UPDATE: Knowing the above, the proofs of most of the statements listed in the question are routine calculations. You can find the definitions of all these things in ay fuctional analysis text and simply plug in the dirac delta. For instance, by definition the Fourier transform of a function is

$$\hat{f}(s) = \int_{-\infty}^\infty f(x) e^{-2 \pi i x s} \, ds$$

If we regard a function $f$ as corresponding to linear operators $F$ where

$$F(g) := \int_{-\infty}^\infty f(x) g(x) \, dx$$

This leads us to define

$$\hat{f}(s) := F(e^{-2 \pi i x s})$$

where "f" can be anything we associate a linear operator $F$ to. Remembering that $\delta$ is just a formal symbol corresponding to the linear operator $L(g) := g(0)$, we have

$$\hat{\delta}(s) = L(e^{2 \pi i x s}) = 1$$

Similarly, if $f$ is a differentiable function then we can consider the linear operator associated to $f'$,

$$g \mapsto \int_{-\infty}^{\infty} f'(x) \, g(x) \, dx = - \int_{-\infty}^{\infty} f(x) g'(x) \, dx$$

where the equality follows from integrating by parts, using the fact that we're necessarily working in some context where $\lim_{x \to \pm \infty} f(x) g(x) = 0$. So the linear operator associated to $f'$ is

$$g \mapsto - \int_{-\infty}^{\infty} f(x) g'(x) = - F(g')$$

so we choose to take this as the definition of the derivative of something we can associate a linear operator to. In the case of the dirac delta function, $\delta'$ denotes the thing that associates to the linear operator $g \mapsto g'(0)$.
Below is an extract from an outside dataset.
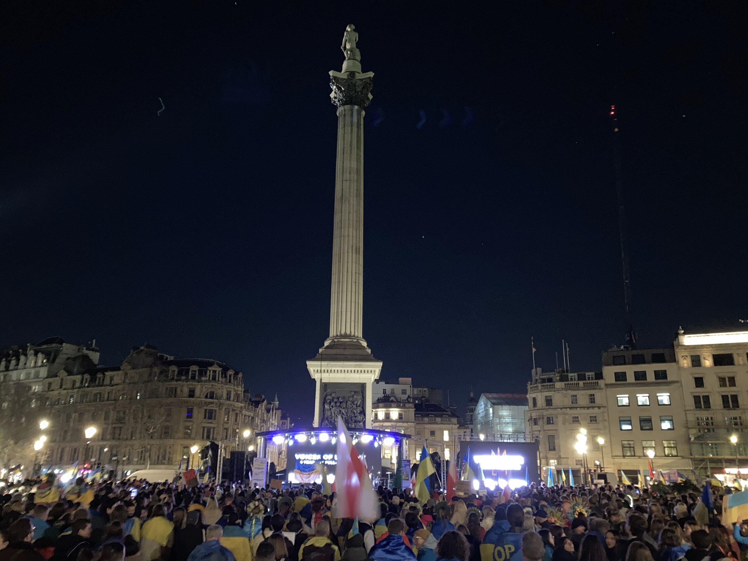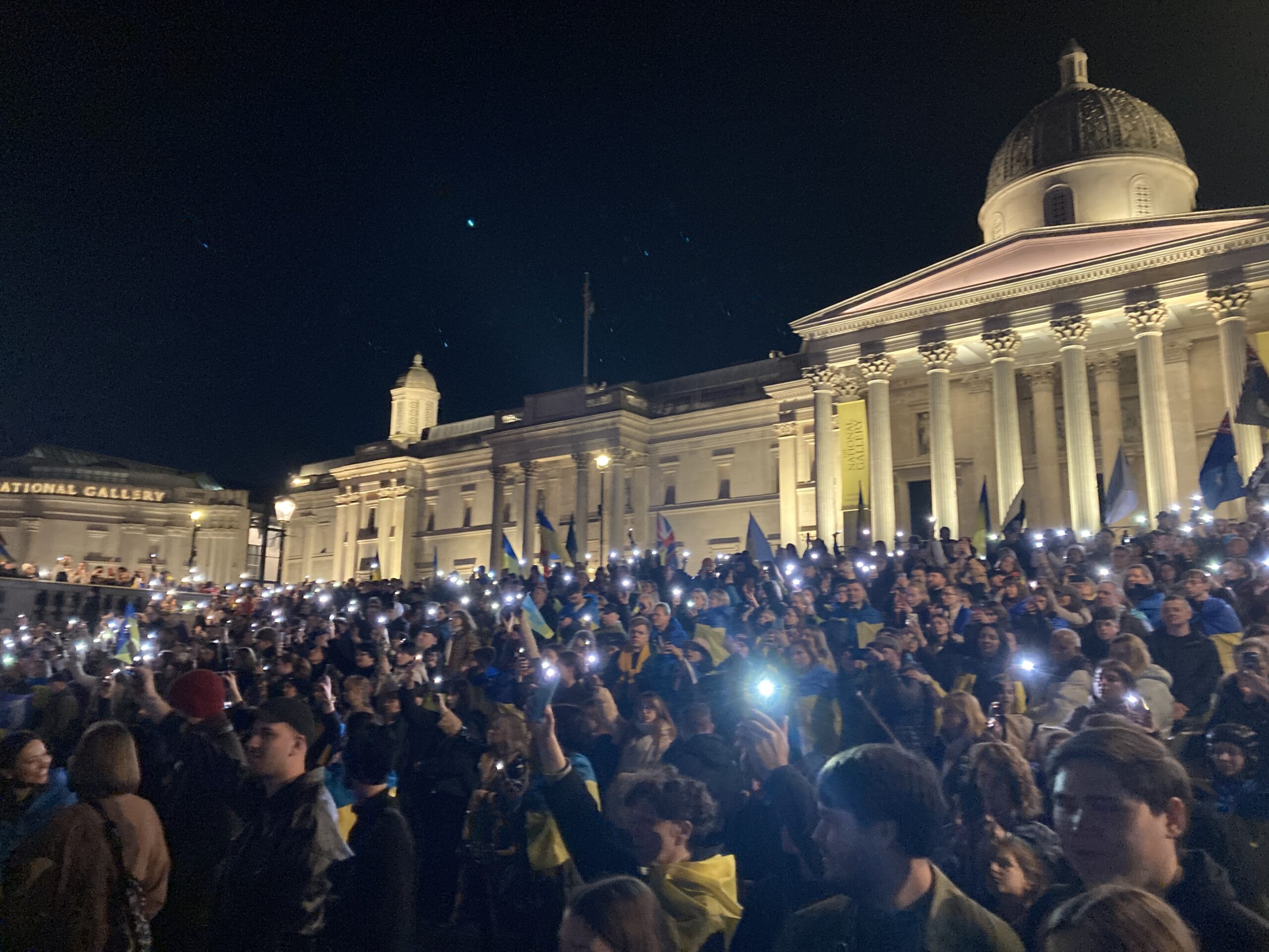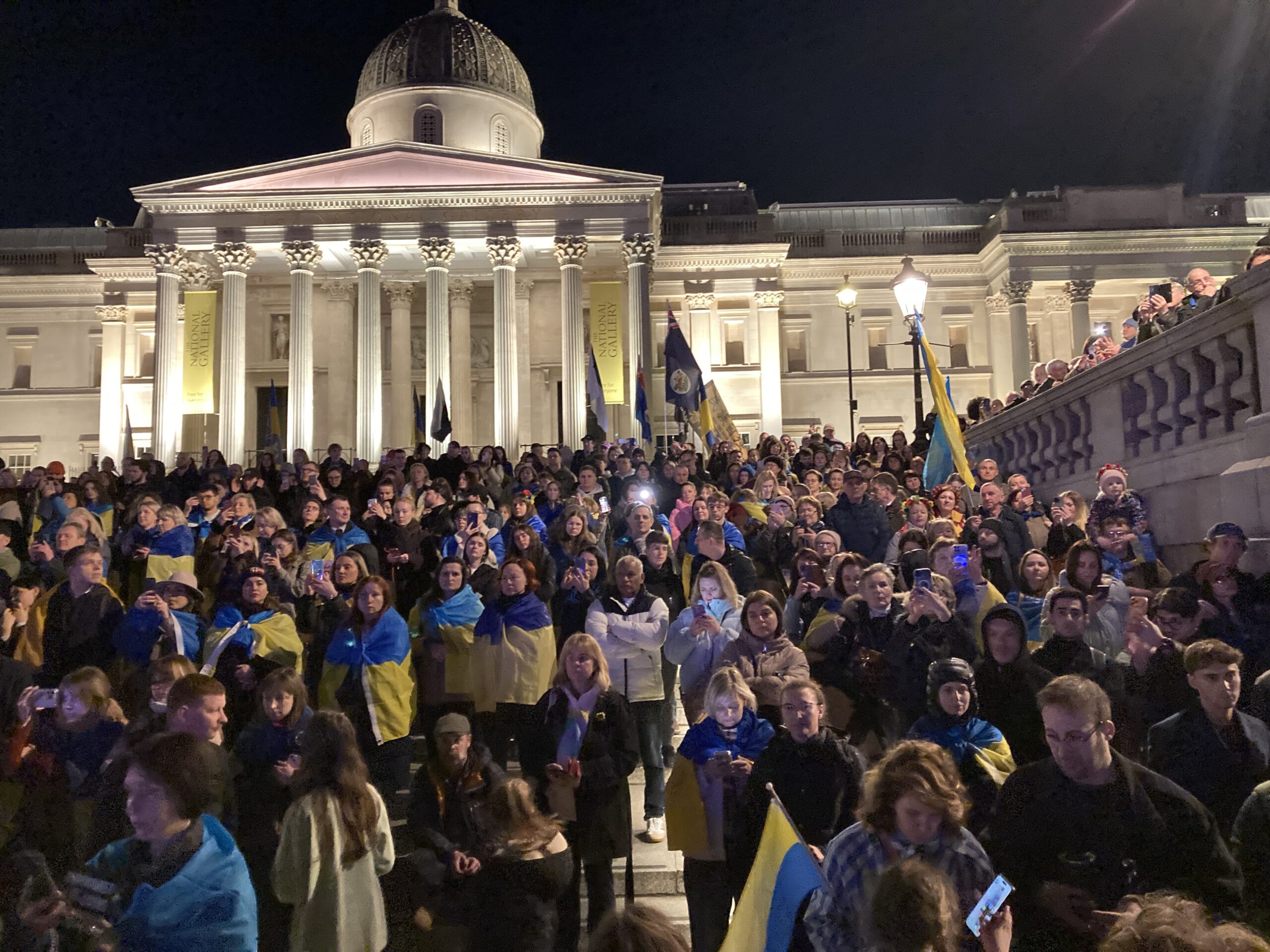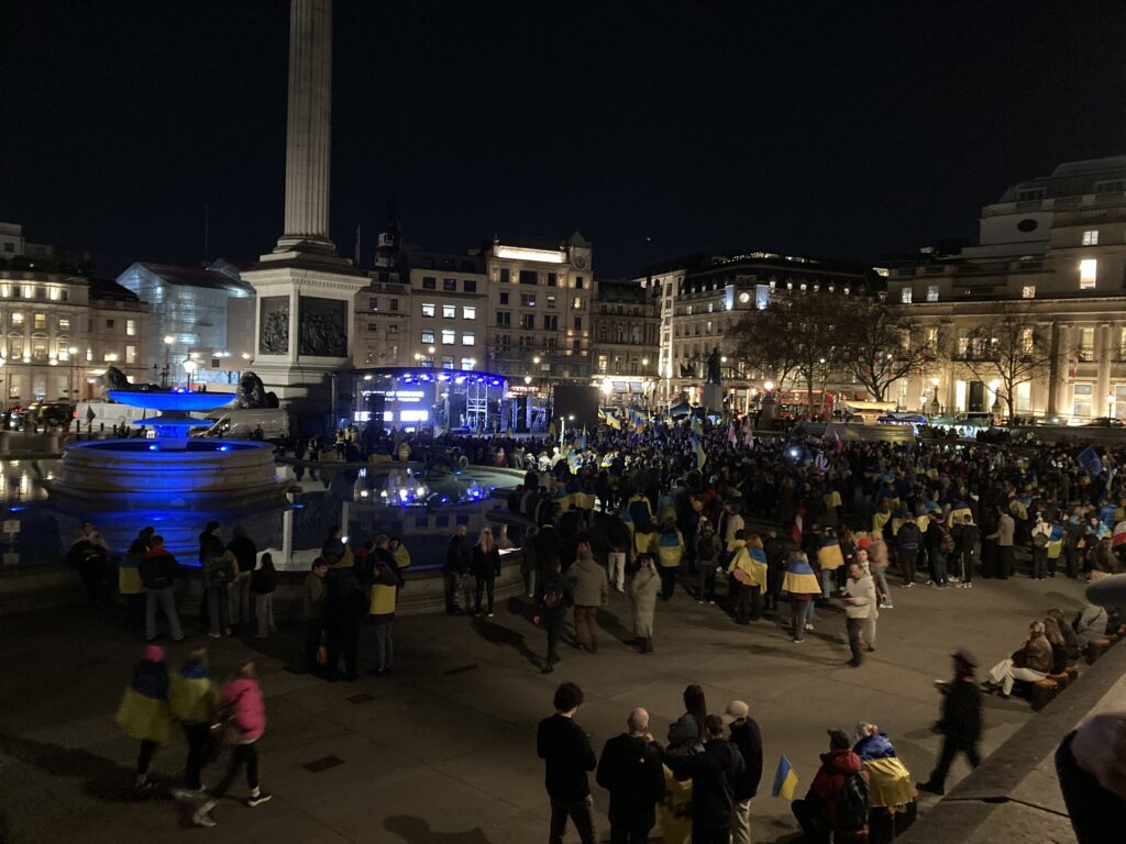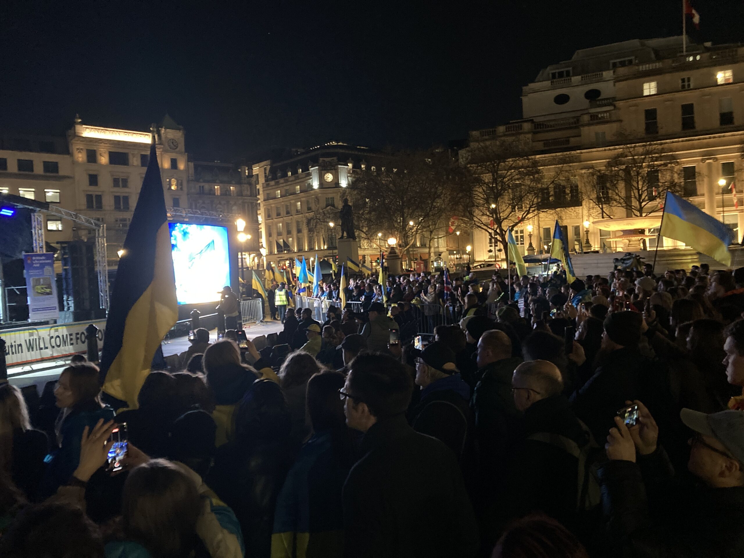 На Трафальгарській площі було встановлено сцену та огородження, і можна було побачити дуже багато – десятки, якщо не сотні – українських прапорів. Також український прапор був поряд на посольстві Канади праворуч від площі (від Національного музею). Люди, які прийшли на акцію, могли дивитися з сходів музею або зайти за огорожу з сек’юріті. Якщо чесно, я зовсім не зрозуміла цю огорожу – охорона нічого не перевіряла. Усіх, хто прийшов до 18 години, а я була серед таких, хто прийшов за годину до початку, пропустили без огляду. Праворуч від сцени були намети організаторів — я не змогла до них сходити, тому що в цьому випадку втратила б своє місце для зйомки біля сцени. Усередині огорожі були стільці для почесних гостей та учасників заходу. Там ходили журналісти та блогери, періодично вони зупинялися навпроти мого телефону та закривали зйомку.

[1] If you prefer measure theory to functional analysis, you might instead think of replacing the function $f(x)$ with the measure $\mu(x) = f(x) \, dx$. Then the $\delta$ "function" is merely a formal notation such that $\delta(x) \, dx$ denotes a point mass measure centered at zero. It amounts to the same thing, since ultimately what you do with a measure is integrate something with respect to it.

"If you prefer measure theory to functional analysis" But what you explain is exactly the measure theory aspect. This post does not touch upon the functional analysis aspect, which includes notions such as the derivative of the Dirac distribution (meaning distributions à la Schwartz, not the distributions of probabilists). — Did, Dec 02 '16 at 09:38

score 1 · Answer 3 · answered Dec 06 '16 at 01:25

The term you're looking for is distribution theory. In the language of distributions, it is extremely simple to make the Dirac delta "function" rigorous, and to prove the aforementioned properties.

Here's the basic notion of a distribution:

A distribution is a continuous linear map from a set of nice functions (called "test functions") to $\mathbb{R}$.

Notice, by the way, that this means distributions are actually honest-to-satan functions. However, they're functions that eat other functions, which makes them somewhat different from, say, functions on the real line. For one thing, it's probably not immediately clear how to define a "derivative" or anything else. Once we look at the details, we'll find a way around this pretty quickly.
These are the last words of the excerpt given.